A foreshortened view of a leg and foot, as seen flattened on the Picture Plane.
In front of Dürer’s draughtsman on his drawing table is a paper the same size as the wire grid, marked off with an identical grid of lines. The artist draws on the paper what he perceives through the grid, matching in his drawing the exact angles and curves and lengths of lines compared to the verticals and horizontals of the grid. In effect, he is copying what he sees flattened on the picture plane. If he copies just what he sees, he will produce on the paper a foreshortened view of the model. The proportions, shapes, and sizes will be contrary to what the artist knows about the actual proportions, shapes, and sizes of the human body; but only if he draws the untrue proportions he perceives will the drawing look true to life.
What did Dürer see through his grid? (See Figure 8-9.) Dürer sights point one, the top of the left knee, and marks that point on his gridded paper.
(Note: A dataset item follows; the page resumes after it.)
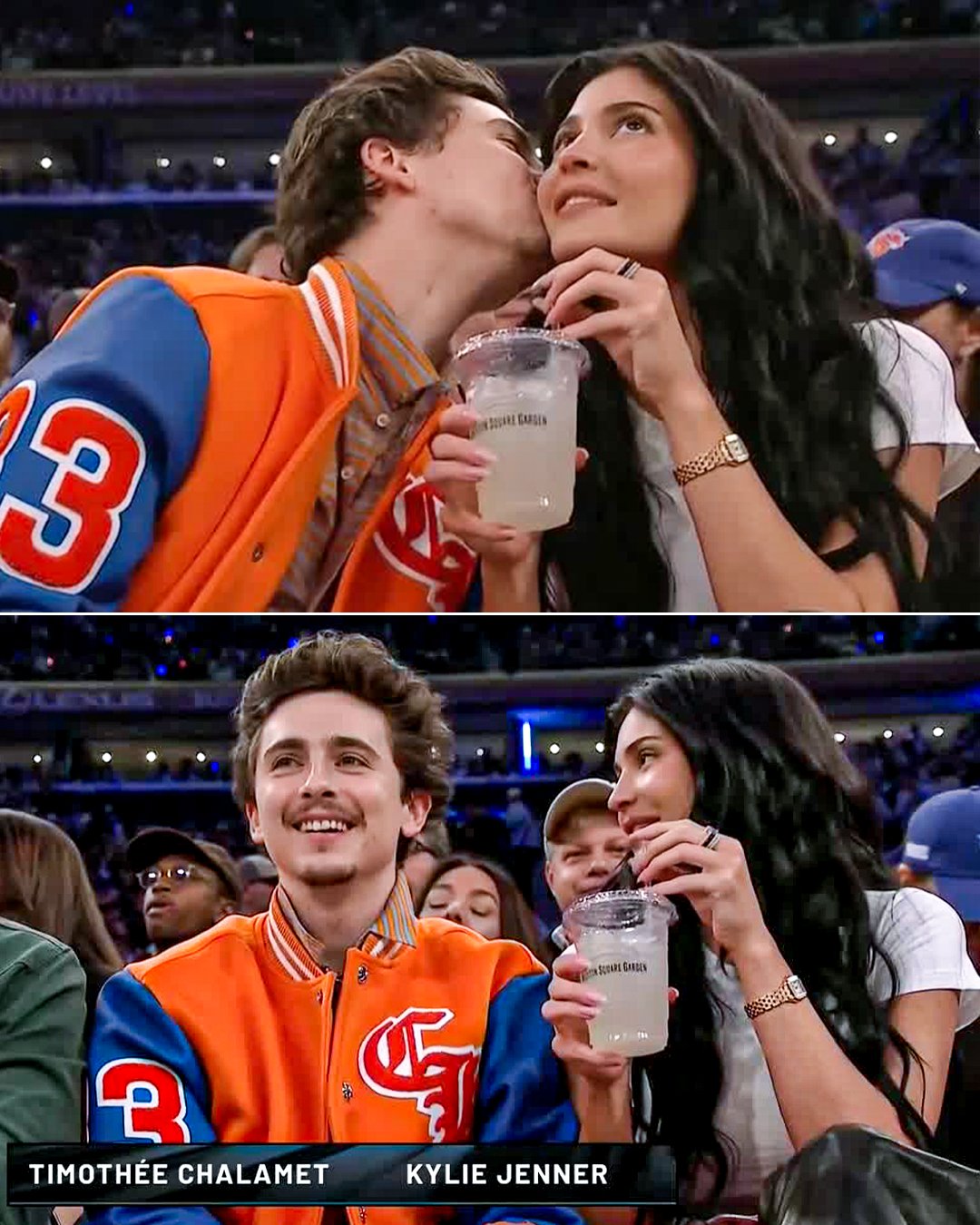 DB真人旗舰凯莉-詹娜今年季后赛一直有陪同甜茶观看季后赛的比赛,上一次是4月29日,两次尼克斯都赢球了。昨日的比赛中,甜茶和詹娜场边还亲密互动。

Next, he sights point two, the top of the left hand, and then point three, the top of the left knee. Beyond these points he sights the torso and the head. He connects all the points and ends with a foreshortened drawing of the entire figure.
The problem with foreshortening in drawing is that what we know about the subject of a drawing somehow intrudes into the drawing, and we draw what we know rather than what we see. The purpose of Dürer’s device, using the grid and the fixed viewpoint, was to force himself to draw the form exactly as he saw it, with all of its “wrong” proportions. Then, paradoxically, the drawing “looked right.” A viewer of the drawing, then, might wonder how the draughtsman was able to make the drawing look “so real.”
The achievement, therefore, of Renaissance perspective was to codify and systematize a method of bypassing artists’ knowledge about shapes and forms. The science of “formal” perspective provided a means by which they could draw forms just as they appeared to the eye—including distortions created optically by a form’s position in space relative to the viewer’s eye.
The system worked beautifully and solved the problem of how to create an illusion of deep space on a flat surface, of re-creating the visible world. Dürer’s simple device evolved into a complicated mathematical system, enabling artists from the Renaissance onward to overcome their mental resistance to optical distortions of the true shapes of things and to draw realistically.
Formal perspective versus “informal” perspective
But the system of formal perspective is not without problems. Followed to the letter, strictly applied perspective rules can result in rather dry and rigid drawings. Perhaps the most serious problem with the formal perspective system is that it is so “left-brained.” It employs the style of left-hemisphere processing: analysis, sequential logical cogitation, and mental calculations within a pre-prescribed system. There are vanishing points, horizon lines, perspective of circles and ellipses, and so on. The system is detailed and cumbersome, the antithesis of R-mode style with its antic/serious, pleasurable quality. For example, in anything but the simplest one-point perspective setup (Figure 8-10), vanishing points may be several feet beyond the edge of the drawing paper, requiring pins and strings to mark them.
Fortunately, once you understand “informal” perspective (sighting), you don’t really need to know formal perspective at all. That’s not to say the study of perspective is not useful and interesting. In my view, knowledge never hurts! But sighting is sufficient for basic drawing skills.